56 / 100
第56話
軍の皆が待つという中庭には、冬であるのに汗をかき、鎧に土の跡が残った獣人たちが、石の縁に腰を下ろし、投げやりな姿勢で空を仰いでいた。
一見気だるげだが、その視線は時折屋敷を見上げ、ただの休息ではないことが伝わってくる。
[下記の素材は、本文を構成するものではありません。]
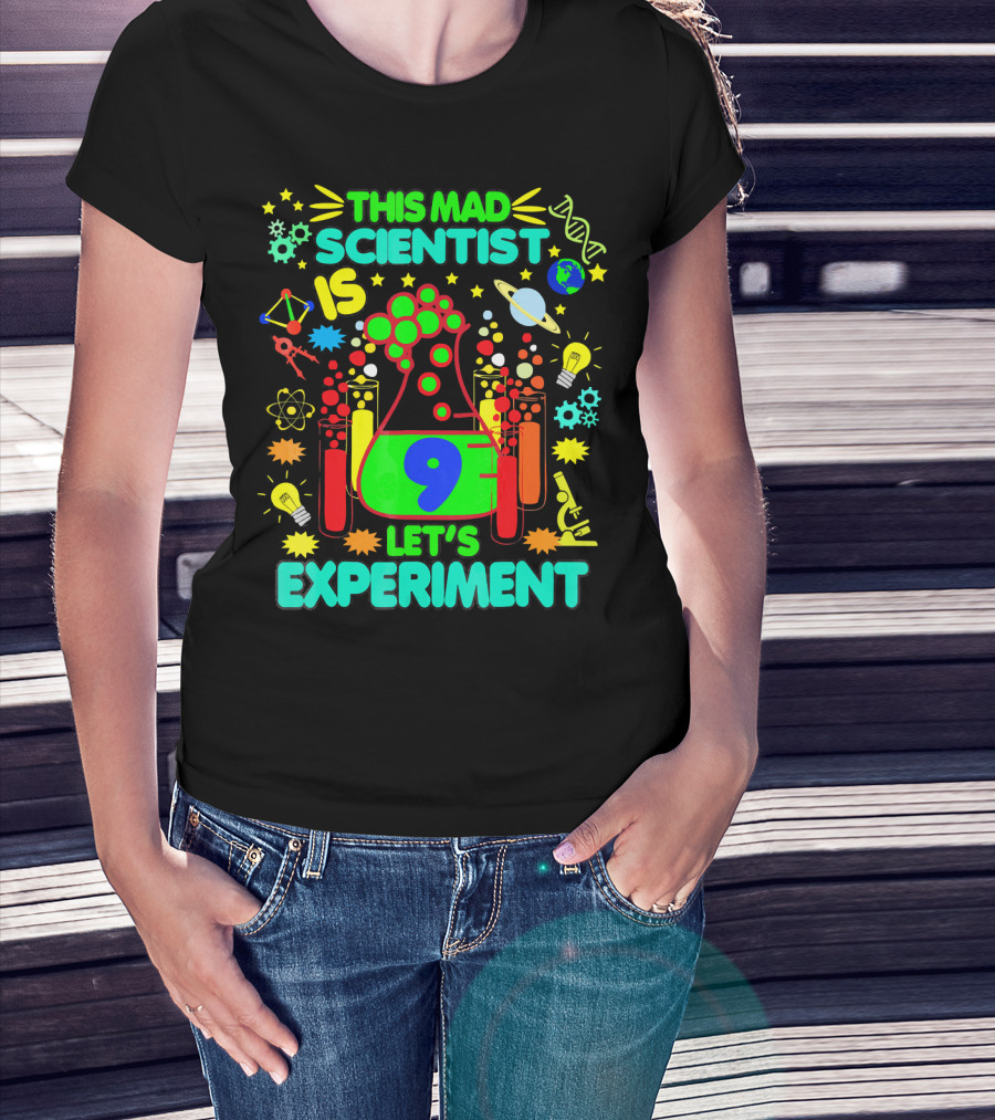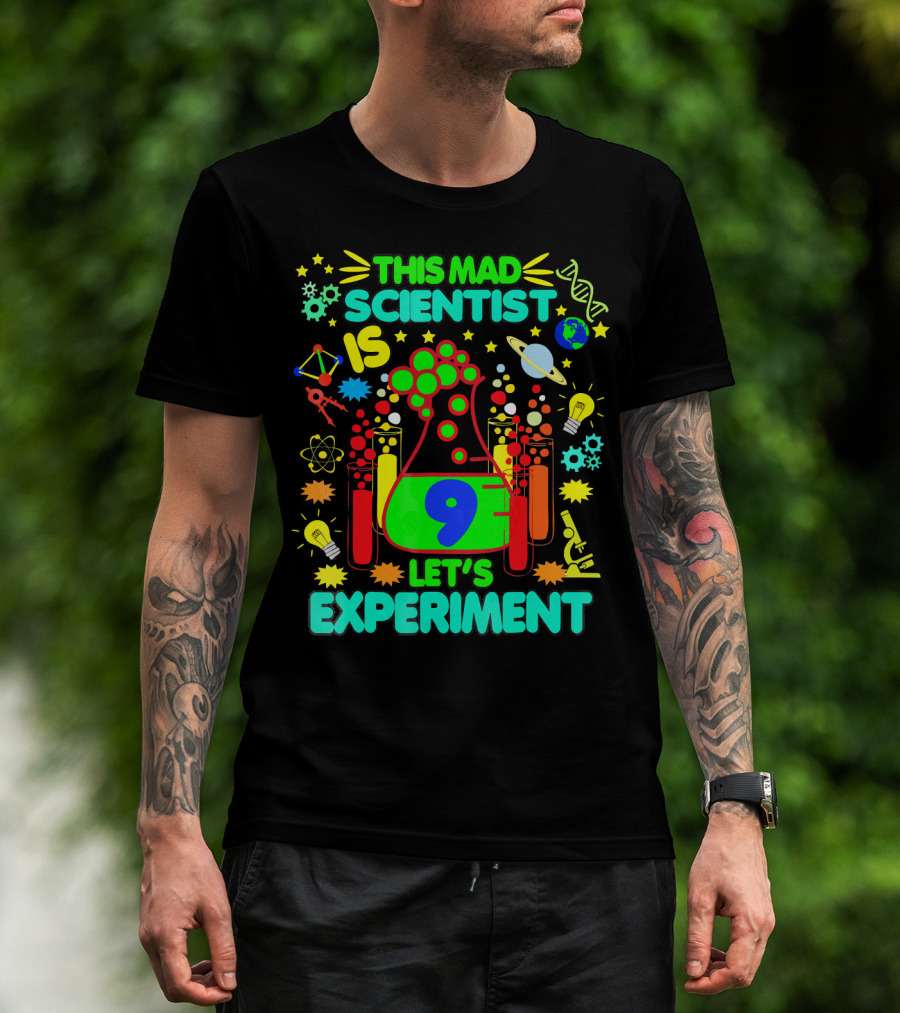 This Mad Scientist Is 9 Let's Experiment Birthday Age Science T-Shirt

しかし、どこからどう見ても、急ぎ帰ってきたのが一目でわかった。
「……お前たち」
そんな中を、灰色の髪をかきあげながら、ぶっきらぼうな笑みを浮かべて現れた獣人。
獣王軍の副将、カイランだ。
堂々と両腕を組み、まるで『やってやったぞ』と言わんばかりの顔で佇んでいる。
「よォ、帰ってきたぜ、将軍様。ひとりで帰るバカがどこにいる。お前の番があんな目に遭ったってのに、放っておけるかって話よ」
肩をすくめながら近づくカイランに、アザールは深く息をついて、苦笑すら浮かべる。
「……兵を引き連れて来た上に、国中に噂まで流したと聞いたが」
「おう、ついでにな。『王が将軍の番を攫った』って、ちょっと言いふらしてきた。……ま、事実だし?」
悪びれもせず笑うその顔に、アザールは呆れながらも、少しだけ目を細めた。
するとその後ろから、体格のいい獣人たちがぞろぞろと集まってくる。
みんな、どこか疲れた様子なのに、目だけはきらきらしていた。
「将軍……エルは、大丈夫なのか?」
「王に、酷いことされてないか?」
「ちゃんと休めてるのか? 無理……させてないよな?」
イカつい顔ぶれが、口々にそう尋ねるその様子に、アザールは一瞬、言葉を失いかけた。
誰も彼もが、遠征の間にエルのことを気にかけていたと分かるその声色に、アザールの胸がじんと熱くなる。
「お前たち……」
口々に交わされる言葉。そのどれもが、エルという存在を心配していた。
「エルは……無事だ。少し熱を出しているが、きっと、すぐに回復するだろう」
そう言えば、皆がホッとしたように肩を撫で下ろした。
「俺たちは暫くここにいる。王が何をしでかすかわからん。落ち着くまで、警護しよう」
「……だが、お前たちまで罪を問われかねない」
「何を言ってる。俺たちは獣王軍。そしてあんたは将軍だ。将軍のもとに軍がいるのは普通だろう」
カイランが口角を上げる。
同じように皆が笑って、アザールはフッと力の抜けた笑みを漏らした。
「休めるよう、すぐに食事と湯の準備をしよう。必要なものがあれば、近くの者に声を掛けてくれ。──カイラン」
「あ?」
ぶっきらぼうで、口の悪い男だ。
それでも。
「助かった。ありがとう」
「! あ、ああ。」
照れたように視線を逸らす。
頼りになる副将だ。自分の右腕が、カイランでよかったと、この時改めて思い知らされた。
ともだちにシェアしよう!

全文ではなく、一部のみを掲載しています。